PEMPROV GANDENG ANSOR KEMBANGKAN KOPERASI RAKYAT

Sukses mengembangkan koperasi wanita (kopwan), kini Pemerintah Provinsi Jawa Timur akan menggandeng Gerakan Pemuda Ansor Jatim untuk mengembangkan koperasi rakyat. Langkah ini sebagai upaya mengakomodasi kesulitan permodalan masyarakat dari kalangan Nahdliyin
Kepastian ini seperti disampaikan Gubernur Jawa Timur Soekarwo saat dihadapatan peserta Rakerwil Ansor ke-3 di Sidoarjo Sabtu (23/2) lalu. Soekarwo beralasan, dengan menggandeng organisasi pemuda Ansor, maka akar permasalahan dari masyarakat Nahdliyin bisa dipetakan. “Masyarakat kita terkadang tidak mengetahui apa yang menjadi masalahnya. Bahkan apa yang kita lihat sebagai masalah, belum tentu menjadi masalah bagi mereka. Karena itu, Ansor harus terjun ke bawah untuk mendampingi masyarakat ini,” kata Soekarwo.
Pendampingan ini menurut Soekarwo diharapkan fokus pada peningkatan ekonomi rakyat. Karena ekonomi merupakan “darahnya” pembangunan. Sehingga, lanjut Soekarwo, semua program pembangunan yang dilakukan pemerintah akan sia-sia jika perekonomian masyarakatnya tidak ikut membaik.
Sementara itu, dikonfirmasi terkait teknis kerjasama antara Ansor dan Pemprov Jatim ini, Ketua GP Ansor Jatim Alfa Isnaini, Rabu (27/2) mengatakan, keluarga besar NU terutama Ansor membuka pintu lebar terkait tawaran tersebut. Sebagai tindak lanjut dari realisasi kerjasama ini, GP Ansor telah menyiapkan 37 titik pengembangan koperasi rakyat di 37 kabupaten/kota. Dari ke-37 titik ini, Lanjut Alfa, yang sudah status badan hukum baru sekitar 23 titik. “Dan kita targetkan tahun ini sudah bisa beroperasi,” tandasnya.
Untuk teknis operasional, menurut Alfa sepenuhnya akan ditangani pengurus cabang Ansor di masing-masing kota.

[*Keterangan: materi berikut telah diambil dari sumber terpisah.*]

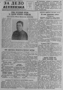 Пролетарии всех стран, соединяйтесь / ЗА ДЕЖ ) ЛЕНИНИЗМА Орган Северного РК Коммунистической паотии Советского Союза и районного Совета депутатов трудящихся Новосибирской обчасти .£ 10 (1921) ЧЕТВЕРГ, [ 31 ЯНВАРЯ 1957 г. >ена V коп ЗсГкрупные успехи в освоении целинных и залежных земель, увеличение производства и заготовок хлеба в 1956 году Президиум Верховного Совета СССР наградил орденами и медалями СССР 93.943 труженика сельского хозяйства. СЛАВА ПЕРЕДОВЫМ БОРЦАМ ЗА ПОДЪЁМ СЕЛЬСКОГО ХОЗЯЙСТВА! Трактористка Фёкла Васильевна АНДРЕЕВА 1939 год. Таргасская м ашннно - тракторная станция объявила трехмесячные курса трактористов. Подала заявление на курсы и 20-летняя девушка из” посёлка Вигинск Феня Андреева. Желание ста ь механизатором преодолело те трудное я, которые встречались во время учебы. И вот молодой тракт ристке доверена машина. Первый сезон Ф. Андреева рабо тала на колесном тракторе,затем два сезона— на г усеничном и три--на газогенераторном. А последние 8 лет подряд— на колесном трактоьё СШ -НАТЯ № 5. ' За это время Фёкла Васильевна еще дважды выезжала на курсы, совершенствуя свои знания, и в работе не уступала мя Фёкла Васильевна работа- мужчинам. За 18 лет работы. !ст на ремонте трактиров и ! 0ДН0Г0 К0ЛХ(Ш им- ' дру их сельхозмашин, изучи- Ерупскои она хорошо изучила L , „ массивы, и капризы машины. “ ВСе маРки тРавт°Р°вЛюбая поломка устраняется j За сезон 195G i о ia nupaсамостоятельно. В зимнее вре-! ботала 380 гектаров в переводе на мягкую пахоту. Приходилось работать нч пахоте п на севе, на , лущении стерни и бук- ! сировать комбайн. Дирекция МТС ни один раз отмечала труд трактористки ценными подарками, благоаарно- - стами, а в 1955 году д премировала путевкой «а Всесоюзную сельс-ко- Щ хозяйственную выставку. У Весть о награждении % Фёклы Васильевны ор 5 денем Ленина застала * ‘‘о на раб( чем месте— на сборке мотора трак- \ тора. Поздравить с вы ‘ с-окой наградой подходили товарищи но работе. Она смущенно от- в чала на приветствия, а в душе её теплилась радость и великая благодарность партии и правительству. В ответ на награду т.Андреева обязалась работать ещё лучше, совершенствовать свои знания и передавать опыт молодым механизаторам. НАВСТРЕЧУ ВЫБОРАМ В МЕСТНЫЕ СОВЕТЫ Ко всем трудящимся района Обращение колхозников сельхоазртели„ПамятьЛениан“, рабочих и служащих села Большие Кулики В успешном решении задач, поставленных XX съездом партии, большое значение имеет досрочное выполнение государственного бюджета и плана поставок продуктов сельского хозяйства. Учитывая всё это, мы,колхозники сельхозартели «Память Ленина», рабочие и служащие села Большие Кулики берём на себя обязательства: самообложение, сельскохозяйственный налог и страховые платежи с населения, исчисленные на 1957 год, уплатить полностью в январе этого года; в январе же полностью внести подоходный налог с колхоза, исчисленный на первый квартал; но всем видам натуральных поставок с населения и колхоза, исчисленным на первый квартал, рассчитаться к дню выборов в местные Советы— к 3 марта 1957 года. Возможности все есть и обязательство будет выполнено. Вызываем на социалистическое соревнование всех трудящихся района ю досрочной уплате всех денежных платежей и выполнению обязательств по натуральным поставкам. Дорогие товарищи! Давайте соревноваться в честь предстоящих выборов. Внесём 
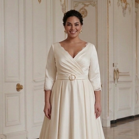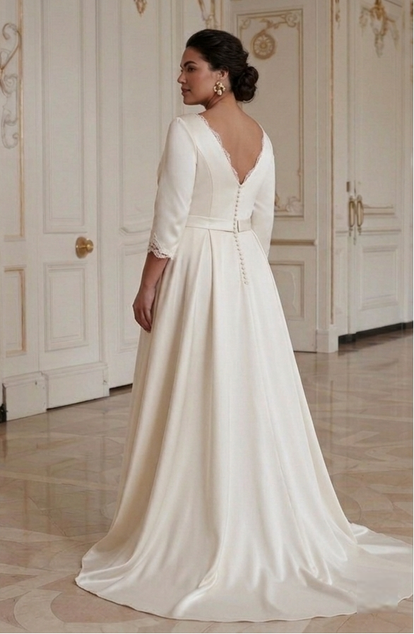 Gaun Pengantin Elegan untuk Wanita Berlekuk Gaya Pernikahan Abadi

Sedangkan Pemprov Jatim akan membantu dalam permodalan koperasi. Terkait penentuan koperasi apa yang dipilih, Alfa sepenuhnya menyerahkan kepada masing-masing pengurus cabang.
Tetapi yang terpenting, kata Alfa, GP Ansor saat ini sedang menggodok mekanisme penentuan konsep koperasi syariah. Karena keberadaan syariah saat ini tidak ubahnya seperti bank konvensional yang menentukan buka cukup tinggi. “Menurut Pak Gubernur, kalau Syariah ya jangan menerapkan bunga flat 6 bulan. itu menyalahi aturan bank,” pungkasnya.